INFORMATION WE COLLECT ONLINE – AND HOW WE COLLECT IT

You may visit our website to find out about products and services and check rates, without giving us any personal information.  We may use software tools and/or “cookies” to track and gather information about your browsing activities in order to analyze usage, target areas for improvement, and create marketing programs to benefit our members or potential members that visit our site. Tracking includes the date and time of visits, pages viewed, time spent on our site, browser types, IP address, and the site visited just before and just after our site. We may also track the browsing activities of members who have accounts with us and who use our online banking services.  As part of our security procedures for members using our online banking to conduct account inquiries and transactions, we require personally identifiable information such as login identification (login ID) and password.  We may use a cookie to authenticate your request.

1. Use of Cookies and Similar Tracking Technologies

The use of cookies and similar tracking technologies (including pixels or clear GIFs, tags, and beacons) is a common internet practice. Cookies are small text files containing small amounts of information which are downloaded to your computer, smartphone, tablet or other mobile device when you visit a website.

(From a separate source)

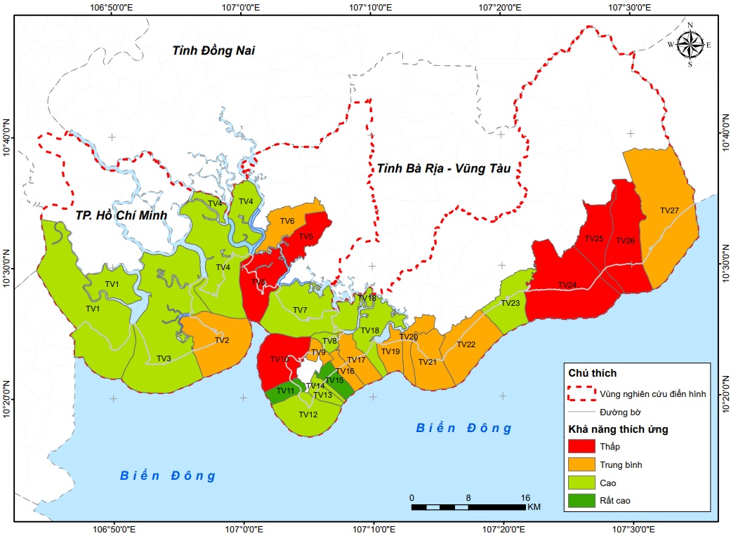 Hình 3. Một số kết quả đạt được (bản đồ phân vùng độ nhạy, bản đồ phân vùng khả năng thích ứng và bản đồ phân vùng tình dễ bị tổn thương)

Cookies are useful in a number of ways, including allowing a site or mobile app you use to recognize your device, save your settings on a site or mobile app, facilitate navigation, display information more effectively and to personalize the user’s experience. Cookies are also used to gather statistical information about how sites and mobile apps are used in order to continually improve design and functionality and assist with resolving questions regarding the sites and mobile app.

a. Attributes of Cookies

Cookies set by us are called first-party cookies. We may also have third-party cookies, which are cookies from a domain different than the domain of the website you are visiting, for our advertising and marketing efforts. There can be first-party and/or third-party cookies within any of the below Categories of Cookies.

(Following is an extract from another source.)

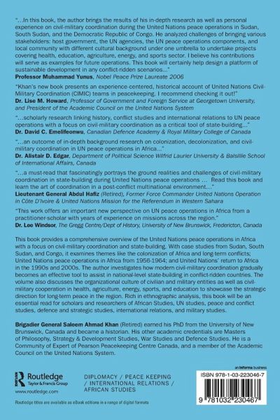 "... In this book, the author brings the results of his in-depth research as well as personal experience on civil-military coordination during the United Nations peace operations in Sudan, South Sudan, and the Democratic Republic of Congo. He analyzed challenges of bringing various stakeholders: host government, the UN agencies, the UN peace operations components, and local community with different cultural background under one umbrella to undertake projects covering health, education, agriculture, energy, and sports sector. I believe his contributions will serve as examples for future operations. This book will certainly help design a platform of sustainable development in any conflict-ridden scenarios..."

Cookies have a duration period. Cookies that expire at the end of a browser session are called “session” cookies. Cookies that are stored longer are called “persistent” cookies. There can be session and/or persistent cookies within any of the below Categories of Cookies.  Persistent cookies are stored on your system and can be accessed again for multiple visits. Persistent cookies usually have an expiration date and will be automatically deleted from your system at that time.

b. Categories of Cookies

Below is a list of the types of cookies that may be used on our sites. We classify cookies into the following categories:

Necessary Cookies. These cookies are necessary for the sites to function and cannot be switched off in our systems. Without these cookies, the sites and mobile apps will not work properly. Examples include setting up your privacy preferences, setting up your language preferences, or logging in a secured area requiring authentication. Strictly necessary cookies may also detect transmission errors or data loss or distribute network traffic across different servers to ensure accessibility.  You can set up your browser to block or alert you about these cookies, but that will cause some parts of the site to not work.

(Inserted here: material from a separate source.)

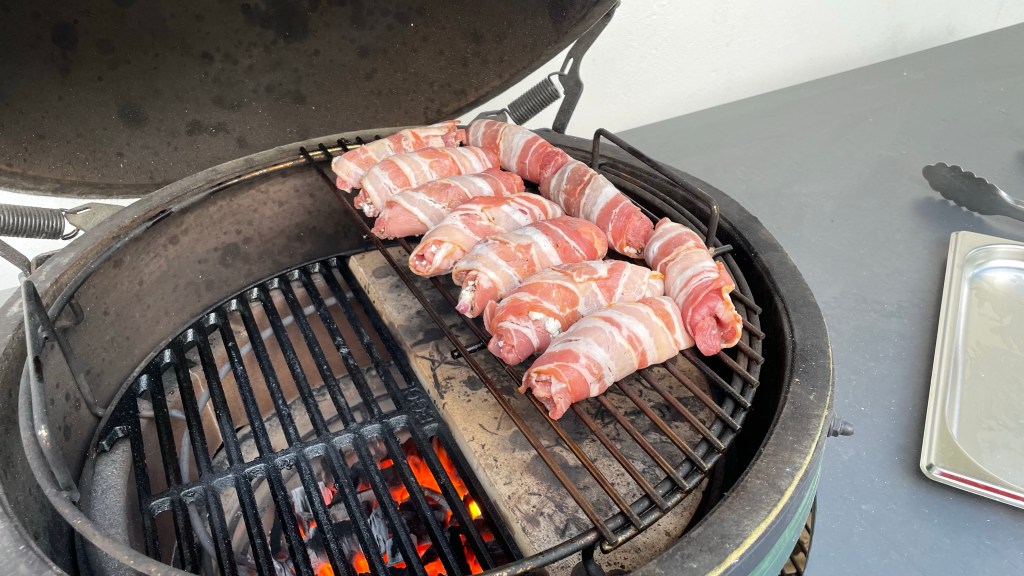 Ist der Grill auf 170 Grad indirekte Hitze eingeregelt, werden die Rollen auf dem Rost platziert und ca. 30-40 Minuten indirekt gegrillt. Nach Ablauf der Zeit die Rollen mit BBQ-Sauce einpinseln und weitere 25 Minuten grillen.

Performance and Analytics Cookies. These cookies allow us to count visits and traffic sources so we can measure and improve the performance of our site.  They help us know which pages are most and least popular and see how visitors move around the site.  All information these cookies collect is aggregated and therefore do not personally identify the visitor.  If you do not allow these cookies, we will not know when you have visited our site and will not be able to monitor its performance. 

Advertising Cookies.  These cookies may be set through our site by our advertising partners.  They may be used by those companies to build a profile of your interests and show you relevant advertisements on other sites.  They don’t store directly personal information but may be based on uniquely identifying your browser or internet device.  By opting out of targeting cookies, you may still see the same number of ads as before, but they may be less relevant because they will not be based on your interests.

c. How to Control and Delete Cookies

1. Using Your Browser

Many of the cookies used on our website can be enabled or disabled through our consent tool or by disabling the cookies through your browser. To disable cookies through your browser, follow the instructions usually located within the “Help,” “Tools” or “Edit” menus in your browser. Please note that disabling a cookie or category of cookies does not delete the cookie from your browser unless manually completed through your browser function.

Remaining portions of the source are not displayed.